Miners drive FTSE higher

In London the equity market is up 0.6%, as the strong demand for mining stocks pushes the index higher.

The mining sector is up 1.5%, and, as one of the biggest components of the London equity index, it has ensured a strong start back to the trading session after being closed for the past two days.

Borrowing drops for China

Overnight the Peoples Bank of China made a cash injection into the interbank market in order to increase liquidity, driving the borrowing costs for Chinese banks to its biggest weekly drop since 2011. China is a major importer of minerals, and traders bought natural resource stocks as they felt a more robust interbank market would ensure domestic companies would be able to continue their high levels of business activity.

Strong supermarket sales anticipated

British retailers are in the black today after the Boxing Day bonanza. As the UK's vital signs improve, dealers are already speculating that supermarkets sales will be strong; Tesco and Morrisons are up 1.1% and 1.5% respectively.
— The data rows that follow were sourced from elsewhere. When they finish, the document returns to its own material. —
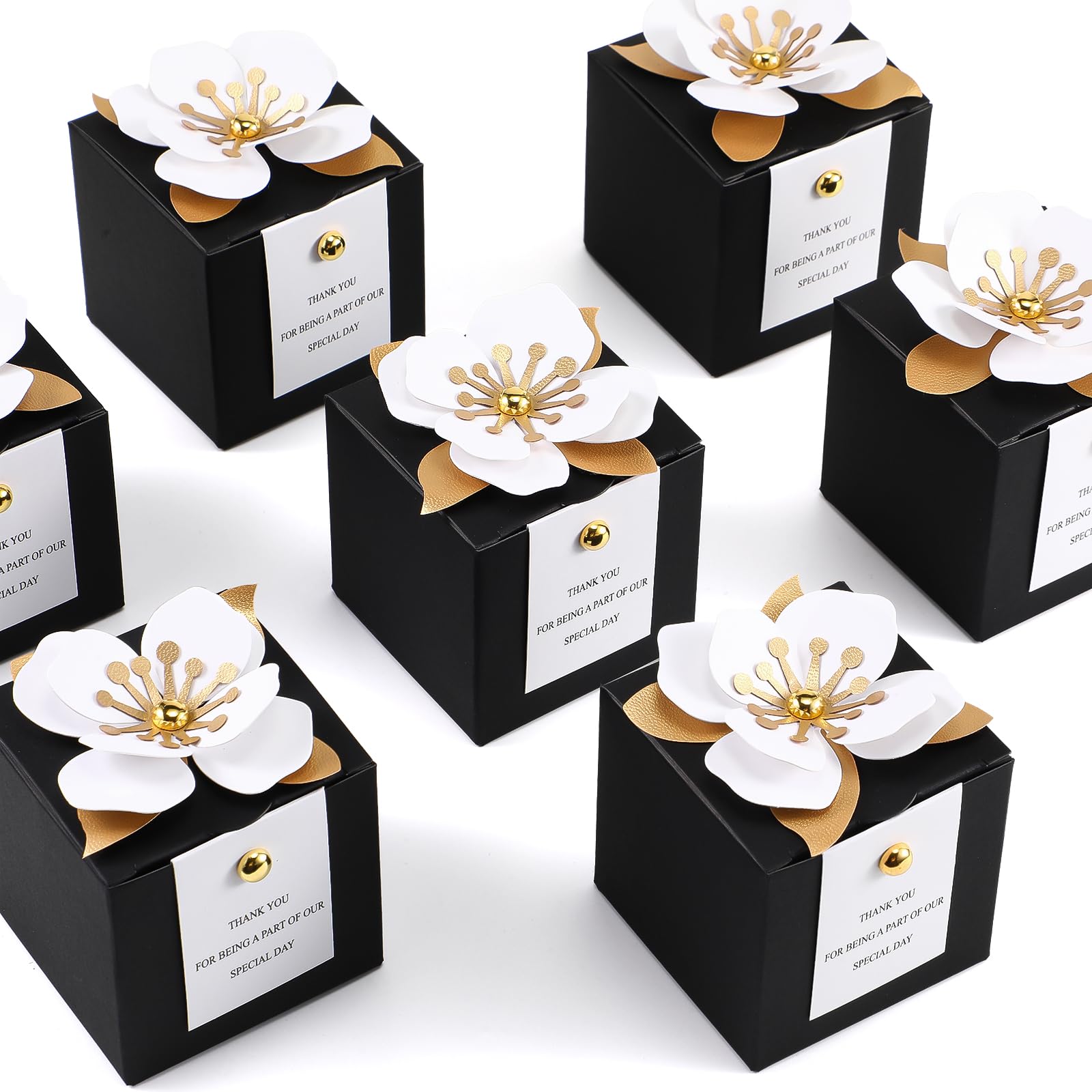 Affrolling 50 cajas de regalo de boda con tarjeta de agradecimiento, cajas cuadradas de dulces, caja de regalo de novia de papel p
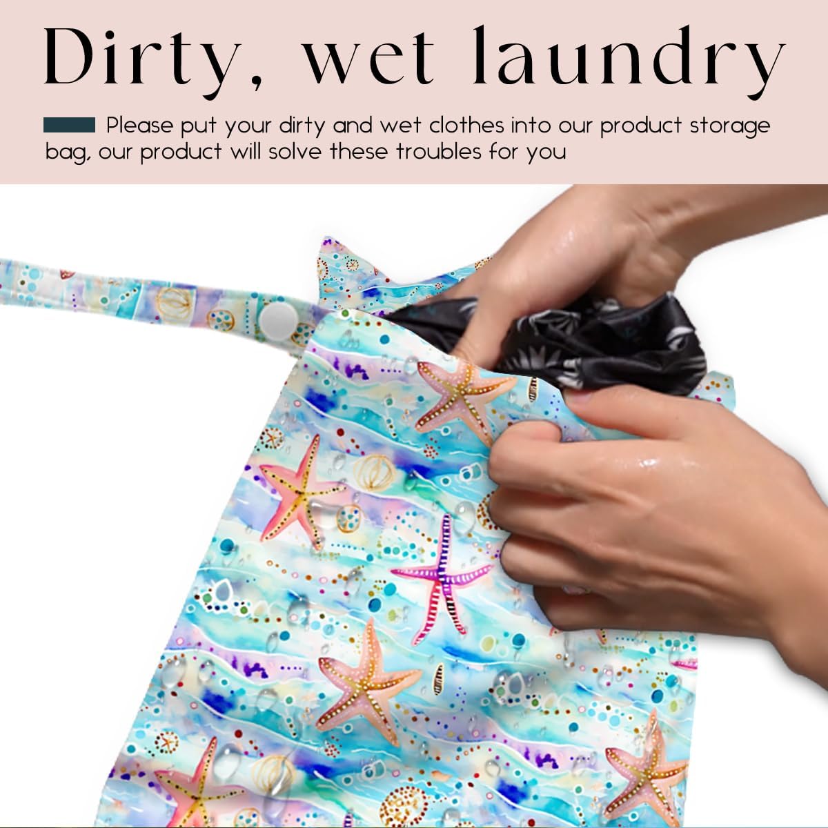 Wet Bag for Swimsuit, Beach Travel Essentials Wet Dry Bag, for Sunscreen Toiletry Dirty Clothes Yoga Gym Diaper, Friends Summer Beach Vacation Gifts. Starfish and jellyfish
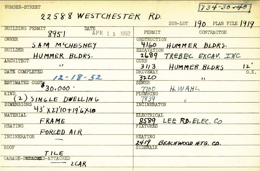 22588 Westchester Road Shaker Heights, OH 44122 PARCEL ID: 734-30-040 Building Permit Date: 04-15-1952 Plan File Number: 1919, 3809, 5781, 12313 all scanned Microfilm Roll: Roll029, Roll056, Roll078, NewRoll12 Neighborhood: Mercer Owner: McChesney, Sam Builder: Hummer Builders Architect: Hummer Builders Estimated Cost: 30000 Date Completed: 12-18-1952 Kind: Single, Single Residence or Dwelling (2) Material: Frame Heating: Forced Air Roof: Tile Garage: attached 2 car |
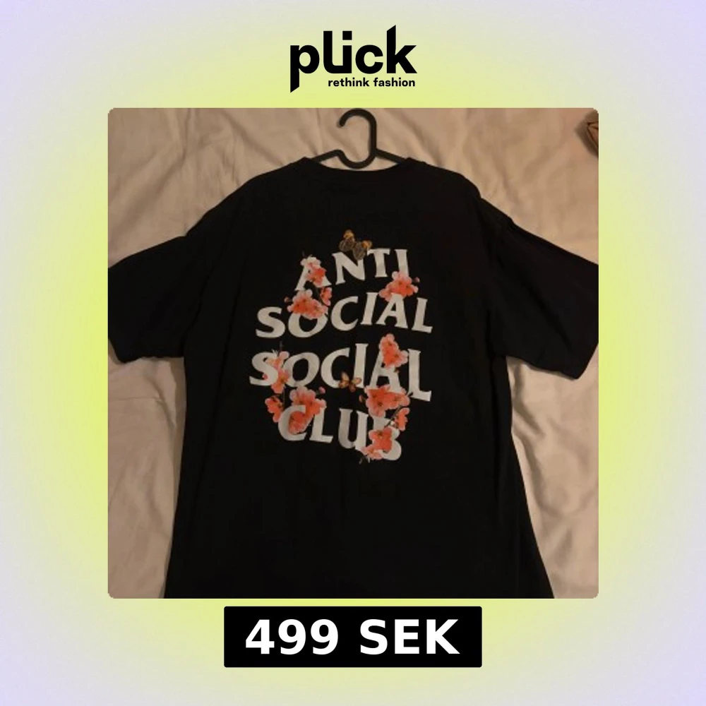 Riktigt fet Anti social club T-shirt med en unik design på ryggen. Perfekt för dig som gilllar tröjor med tryck på baksidan. Använts under 10 gånger pga byte i stil. Skriv gärna om frågor!
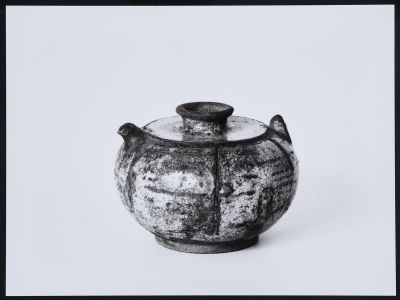 Fekete-fehér fotó: kerámia kiöntő, világosbarna kerámia fehér mázzal, 2002.
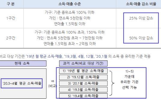 25~50% 이상이 소득이 감소해야합니다.
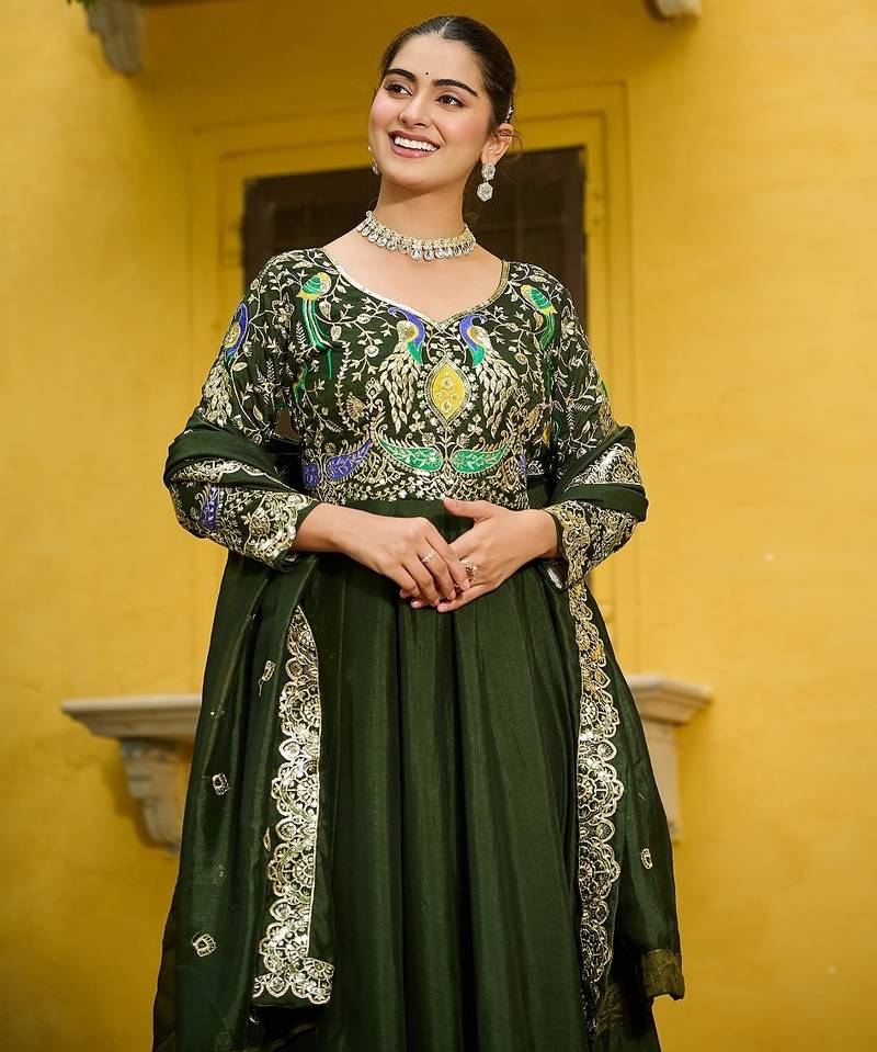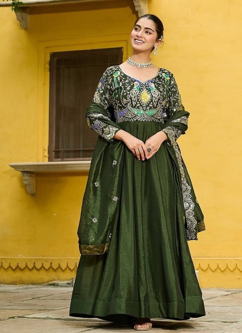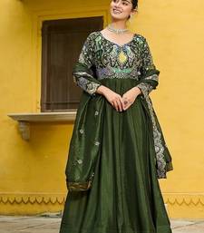 Green color thread embroidered work vichitra silk gown dupatta stitched
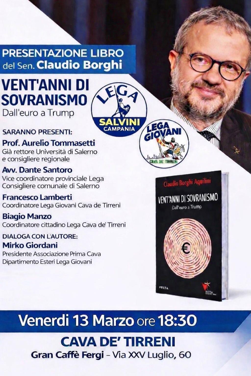 Si terrà venerdì 13 marzo alle 18.30, negli spazi del Gran Caffè Fergi in via XXV Luglio, 60, la presentazione del libro “Vent’anni di sovranismo. Dall’euro a Trump” del senatore Claudio Borghi Aquilini.
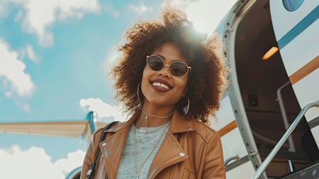 Traveller young happy woman boarding airplane on a sunny day alone.
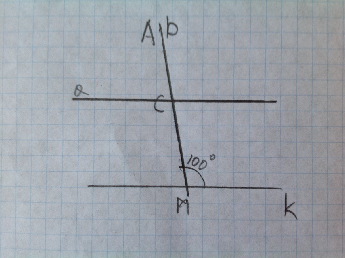 Чертим угол АМК 100*. Отмечаем точку С на стороне угла АМ. И проводим через эту точку прямые(Ча напишу на бумаге)
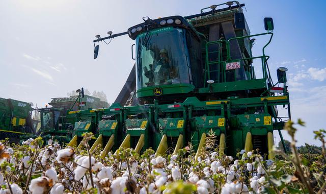 采棉机是高端农机的重要代表。近年来,国内一些大型农机制造企业投身采棉机研发制造。目前,国产三行、六行圆捆打包采棉机已成为新疆棉田里的重要帮手。
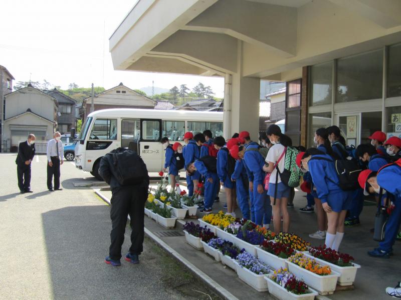 6年生はお世話になるバスの運転手さんへ挨拶をします。

US optimistic after unemployment drop

We are expecting the Dow Jones to open six points higher at 16,485. US index futures are extending their gains due to yesterday’s drop in the number of people claiming unemployment benefit by 42,000. This exceeded analyst expectations and is further proof that the US economy is growing.

Negative outlook for safe havens

Gold is broadly unchanged on the day as the metal faces its first annual loss in more than a decade. If it dips below the important $1200 mark we could see some bargain hunting.

Light liquidity has resulted in losses for the US dollar. Despite tapering from the Federal Reserve, dealers are still not convinced of its safe-haven status.